Nevertheless, the words spoken at the time conveyed much of the drama of that first landing on the moons of Jupiter. The commentary broadcast from the approaching Leonov by Heywood Floyd served admirably to set the scene, and there were plenty of library shots of Europa to illustrate it:
'At this very moment I'm looking at it through the most powerful of the ship's telescopes; under this magnification, it's ten times larger than the Moon as you see it with the naked eye. And it's a really weird sight.
'The surface is a uniform pink, with a few small brown patches. It's covered with an intricate network of narrow lines, curling and weaving in all directions. In fact, it looks very much like a photo from a medical textbook, showing a pattern of veins and arteries.
'A few of these features are hundreds – or even thousands – of kilometres long, and look rather like the illusory canals that Percival Lowell and other early-twentieth-century astronomers imagined they'd seen on Mars.
'But Europa's canals aren't an illusion, though of course they're not artificial. What's more, they do contain water – or at least ice. For the satellite is almost entirely covered by ocean, averaging fifty kilometres deep.
'Because it's so far from the Sun, Europa's surface temperature is extremely low – about a hundred and fifty degrees below freezing. So one might expect its single ocean to be a solid block of ice.

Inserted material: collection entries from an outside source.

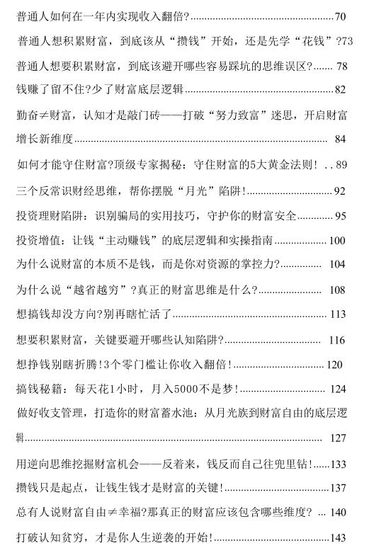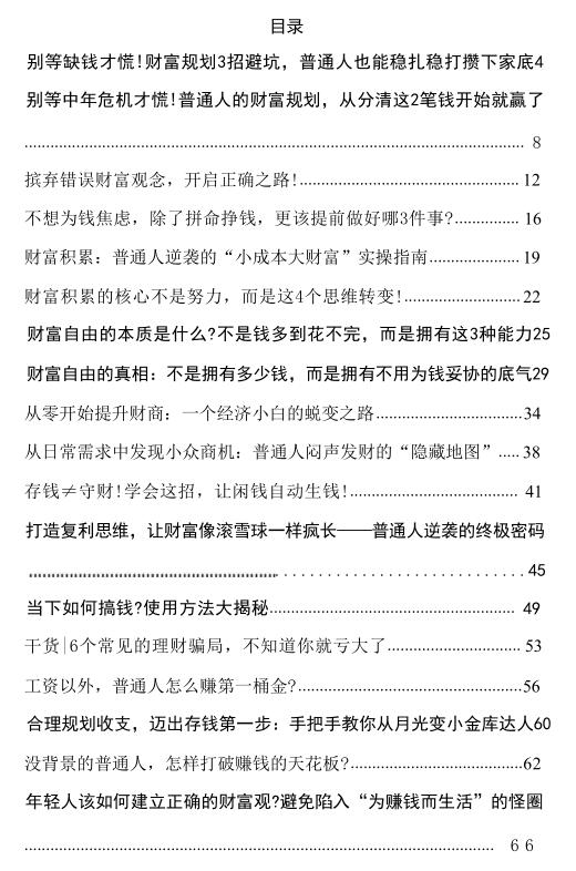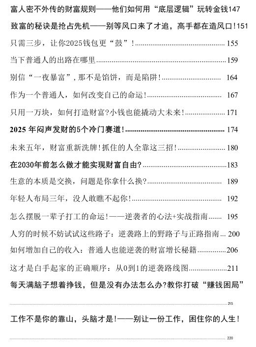 《财富蓄水池》PDF 2026-03-30 创业赚钱 《财富蓄水池》财富的本质从不是数字堆砌,而是认知与资源的掌控力。 从强制储蓄筑牢根基,到资产配置稳健增值,再到复利思维撬动长期收益,普通人的财富逆袭,藏在每一次理性选择里。 摒弃“一夜暴富”幻想,避开消费主义陷阱,用自律对抗人性弱点,让时间成为盟友。 真正的财富自由,是拥有不为钱妥协的底气,和掌控生活的从容。 资源下载下载价格10 爱坤币VIP免费升级VIP立即购买获取电子书 请添加微信:pc16616 获取电子书 请添加微信:pc16616 获取电子书 请添加微信:pc16616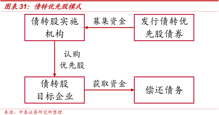债转优先股主要指债转股实施机构将目标企业的债权转化为优先股的模式,是新一轮市场化债转股的创新模式。债转股实施机构通过债转优先股债券等方式募集资金,直接用于认购目标企业发行的优先股,在拓展债转股资金来源同时极大降低了权益投资的成本。此外,优先股相较债券收益相对更高,且条款更灵活,能够有效减轻企业的债务负担。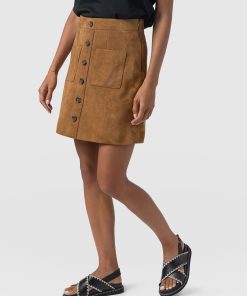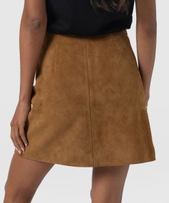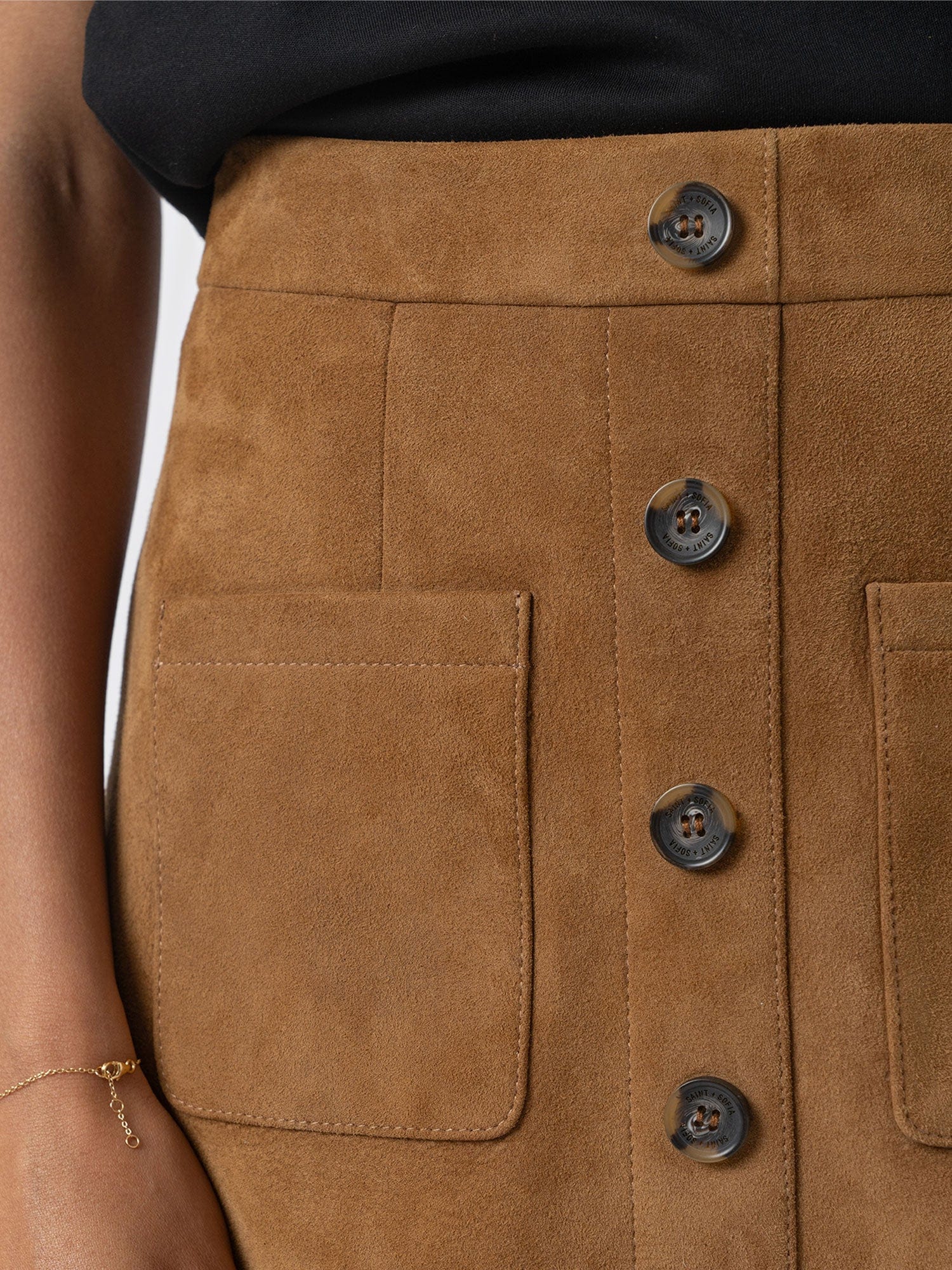 The Luther Mini Skirt is the perfect statement style to add to your seasonal wardrobe; the soft and smooth suede makes for the perfect transitional piece. It’s topped by a flat waistband before falling to a straight cut that skims just above your knees. At the front, horn buttons are sewn straight down the middle, while two patch pockets provide practical storage. Handmade to ensure the highest quality, it’s finished with waist darks to help shape and define your figure. Style yours with black tights, knee-high boots, and a chunky knit sweater.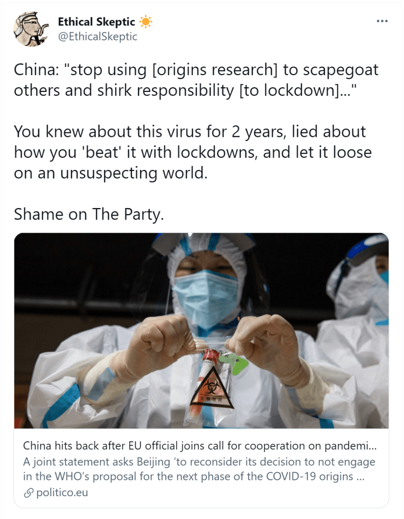 “You knew about this virus for 2 years, lied about how you ‘beat’ it with lockdowns, and let it loose on an unsuspecting world”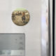 Trabalho de arte de cartão postal de safra em cavalos, no meio de vacas, num rancho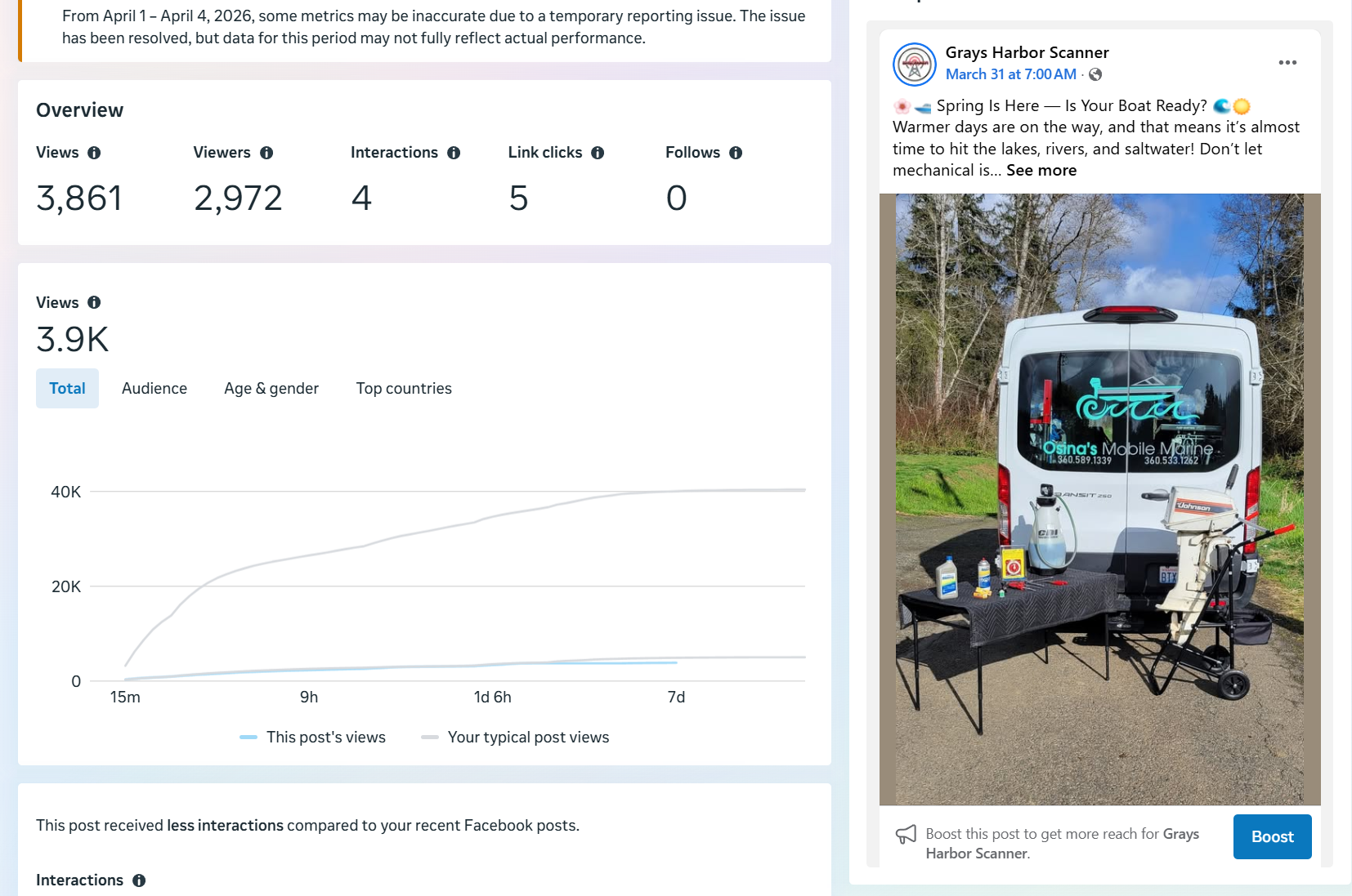 | Captured | Reach | Clicks | Reactions | Comments | Shares |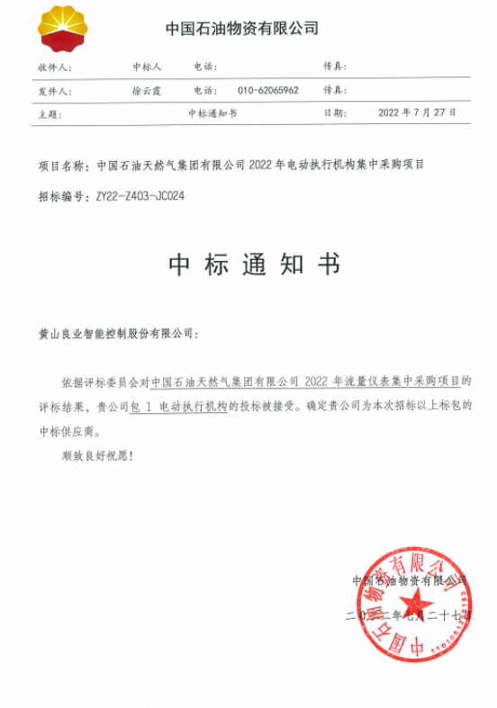 文章詳情2022年7月27日,我公司收到中國石油物資有限公司的《中標(biāo)通知書》,成功中標(biāo)中國石油天然氣集團有限公司2022年電動執(zhí)行機構(gòu)集中采購項目包1:電動執(zhí)行機構(gòu),中標(biāo)金額480.9萬元,執(zhí)行周期自采購結(jié)果公告之日起至 2023 年9 月30 日。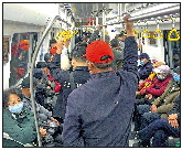 在济南地铁2号线向西通往王府庄的站台,记者看到,候车区基本被乘客占满。相比3月26日运营首日早高峰,29日周一早高峰2号线车厢内人数未见减少,反而有所增加,每节车厢均座无虚席,还有大量乘客站着。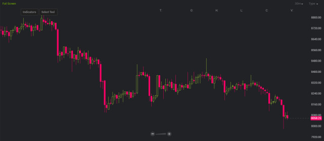 Bitstamp數據顯現,比特幣最近24小時跌落逾300美元,跌幅大約3%,一度跌破8000美元報7980美元,創4月18日以來新低。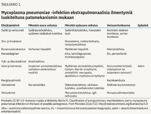Mycoplasma pneumoniae voi aiheuttaa monenlaisia ekstrapulmonaalisia oireita ja löydöksiä, tärkeimpinä iho- ja limakalvo- sekä neurologiset ilmentymät. Niiden oikea-aikainen diagno-sointi ja asianmukainen hoito voivat vähentää komplikaatioiden riskiä ja edistää toipumista.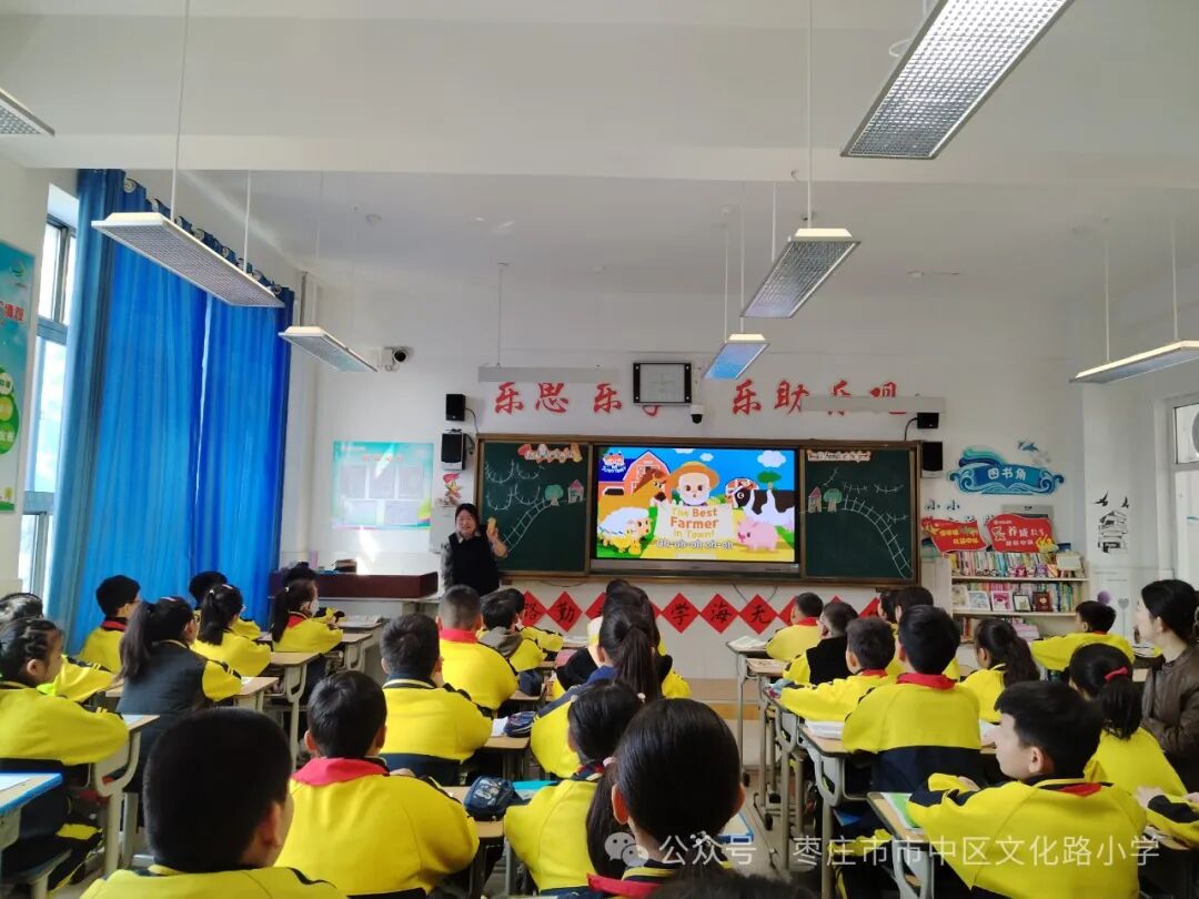 贾继军老师执教本单元的第三节课时“Enjoy the life at the farm”,本节课承接前两节课时的内容,在story time文本基础上补充拓展绘本“A day on the farm”。学生通过前两课时的学习,知道如何介绍农场的蔬菜和动物,体会到农民的辛苦。在前两课时的基础上本节课进一步感受农场生活,了解农场内的活动,享受农场生活的乐趣。

'Surprisingly, that isn't the case because there's a lot of heat generated inside Europa by tidal forces – the same forces that drive the great volcanoes on neighbouring Io.
'So the ice is continually melting, breaking up and freezing, forming cracks and lanes like those in the floating ice sheets in our own polar regions. It's that intricate tracery of cracks I'm seeing now; most of them are dark and very ancient – perhaps millions of years old. But a few are almost pure white; they're the new ones that have just opened up, and have a crust only a few centimetres thick.